I’m feeling influenced, sorry to say since the famous hotel owner chose to use a photo of Santorini, perhaps the most unsustainable island in all Greece for his story. I won’t get into the who, what, and how of the upcoming conference, but from the lineup, it looks like a bunch of hotel, hospitality, and marketing execs in panel discussions with a couple of mid-level sustainability people. As for Vassilikos, he’s one of the most prominent hotel owners in Greece, but he is also an economist and an expert in finance, not a sustainability professor. His role should be to listen to the experts, and figure out how to get hoteliers to implement and adjust.
To conclude, Greece’s Tourism Ministry, the Hellenic Chamber of Hotels, and “Hotels For” are setting out to immediately appoint a committee to monitor any agreed action plan and to coordinate actions when necessary in the various fields of cooperation. Let me address this by showing you what Harry Theoharis’ idea of sustainable Greece and an improved tourism product is.

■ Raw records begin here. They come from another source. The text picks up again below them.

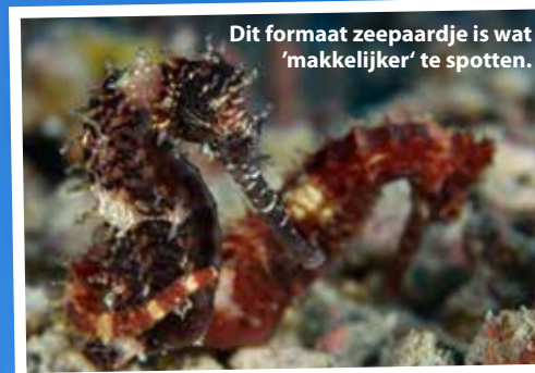
Dit formaat zeepaardje is wat 'makkelijker' te spotten.
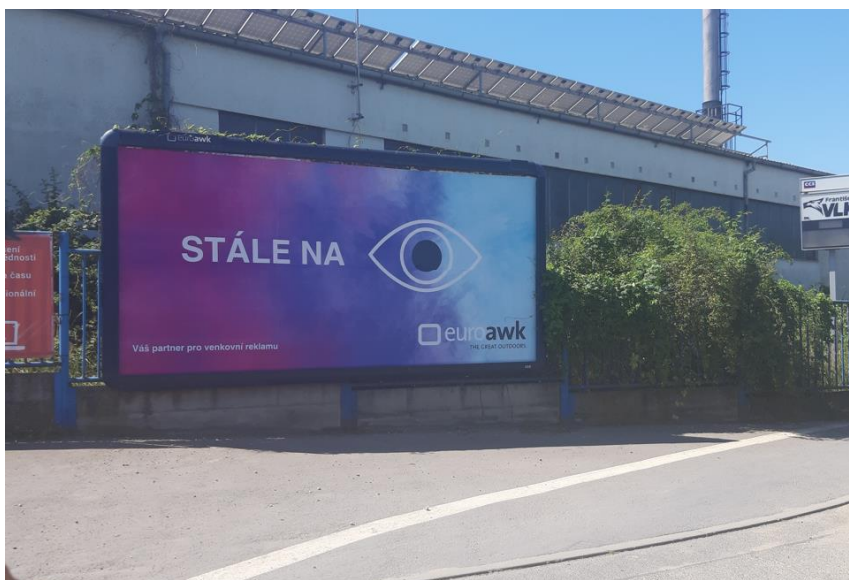
Stavba pro reklamu společnosti euroAWK s.r.o. evid. č. 5332, na pozemku parc. č. 215/5 v katastrálním území Lahovice
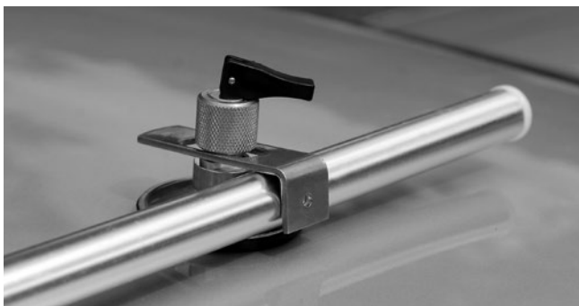
5. Sonderausstattung / special equipment: mit Klappsauger und Klemmstange/ with sucker and connection pole
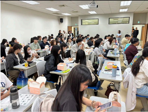
學生認真聽各廠商簡介
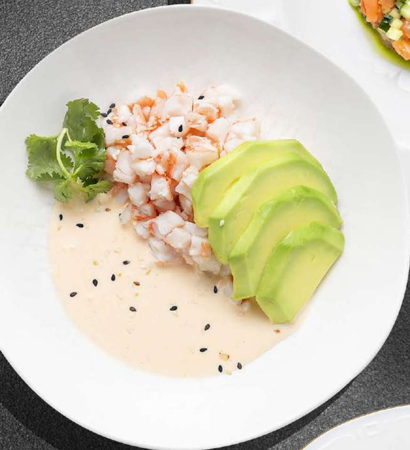
▲ ТАРТАР ИЗ КРЕВЕТКИ С АВОКАДО И СЛИВОЧНЫМ СОУСОМ
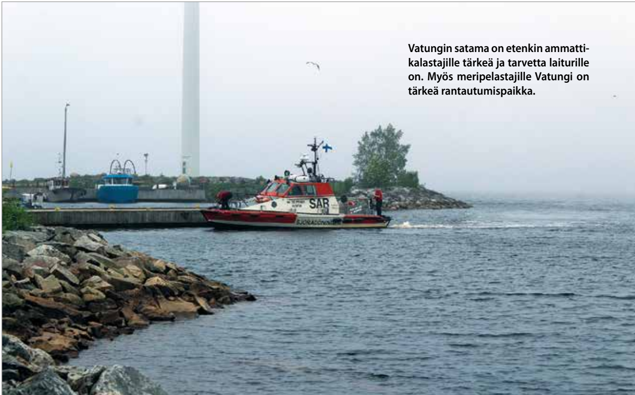
Vatungin satama on etenkin ammattikalastajille tärkeä ja tarvetta laitureille on. Myös meripelastajille Vatungi on tärkeä rantautumispaikka.

mattilaiturin toimittajaksi kokonaisedullisimman tarjouksen tehneen A-Laiturit Oy:n, jonka tarjoushinta on 95 739 euroa. MTR
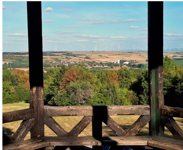
Aussicht vom Schneckenturm in Kirchheimbolanden (Dr, Hans-Günther Clev, 2018)
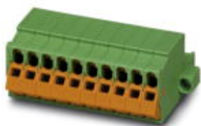
На рисунке показан 10-контактный вариант изделия

Разъемы для печатной платы, номинальный ток: 12 А, расчетное напряжение (III/2): 630 В, полюсов: 5, размер шага: 5 мм, тип подключения: Ножевые контакты, цвет: зеленый, поверхность контакта: олово

Another story on GTP a few days ago reveals Theoharis bragging again about Greece’s COVID first wave response, at the same moment the country is locked down because of a second wave. To add insult to injury, for anyone with a brain, Theoharis’ new cooperation on cruise tourism with Egypt and Cyprus, is another echoes of his real strategy, to drive as many tourists to Greece via sea, land, and air as is humanly possible.

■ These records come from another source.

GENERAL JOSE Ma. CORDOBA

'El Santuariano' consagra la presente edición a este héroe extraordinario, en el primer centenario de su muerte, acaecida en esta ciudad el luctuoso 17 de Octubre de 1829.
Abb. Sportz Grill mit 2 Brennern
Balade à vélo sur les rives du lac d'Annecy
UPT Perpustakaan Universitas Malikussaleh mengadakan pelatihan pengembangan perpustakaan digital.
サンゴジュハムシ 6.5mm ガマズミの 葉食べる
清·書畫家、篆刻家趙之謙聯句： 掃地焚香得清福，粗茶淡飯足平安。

Here’s the deal. Recent surveys conducted in Greece reveal that 90% of Greeks believe that after the pandemic we should do more for the protection of the planet and recycling. I could cite 100 sources revealing the concerns of Greek people for their homeland and their future, but to save time let me point out Theoharis’ ideas on the subject of sustainable tourism. This report cites Theoharis saying he is worried about upsetting the “local populations” with new sustainability practices! Excuse me, but the locals in villages here on Crete know full well the negative effects of gigantic all-inclusive resorts near them. The big money is in volume, and the volume is what has been sustaining these resorts.
This writer is worried that Greece is turning into a hotel business instead of a country where everywhere who lives here benefits from wide-sweeping decisions made in Athens. My worry is that this new “Hotels For” scheme to be financed exclusively by the Hellenic Chamber of Hotels and established through legislation drawn up by the Tourism Ministry, may end up with the private sector telling the government of the people what is the law.

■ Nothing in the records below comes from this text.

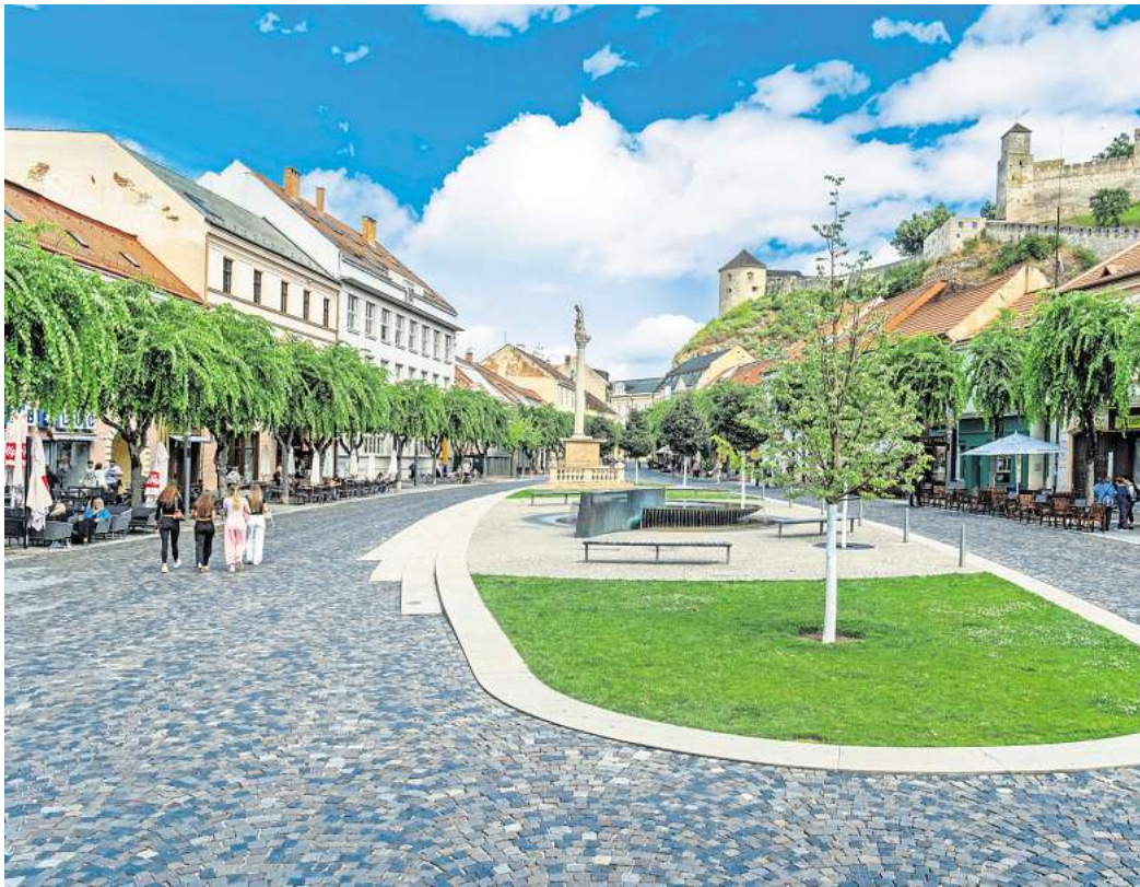
Das Herz der Altstadt ist der zentrale Platz Mierové námestie.

Neben dem Burgbesuch ist ein Bummel durch die Altstadt eins der schönsten Erlebnisse in Trenčín. Ein guter Startpunkt ist der Mestská-veža-Stadtturm, der das südliche Tor zur Altstadt
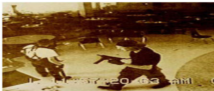
Columbine shooting August 20, 1999
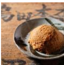
麴味噌 a.400g 648 円

奈良県の隠れた地場産品を常設で扱います。「大和の素(す)」「大和のおもてなし」「大和の伝統」のテーマで、ギフトに良し、日常に良し、まほろばライフを楽しめるいいものを県内各地からご提案します。

The long and short of this is, Theoharis and the Mitsotakis administration are putting the foxes in charge of the henhouse where sustainable tourism is concerned. Hoteliers are interested in one thing, and one thing only, profit. And in Greece, not one hotelier I can name is forward-thinking enough to charge more for his rooms, so that he or she can be truly sustainable. The next conference on sustainability should be led by environmental experts, engineers, and urban geography scientists, working to develop strategies to help hoteliers do what they must do, not the other way around.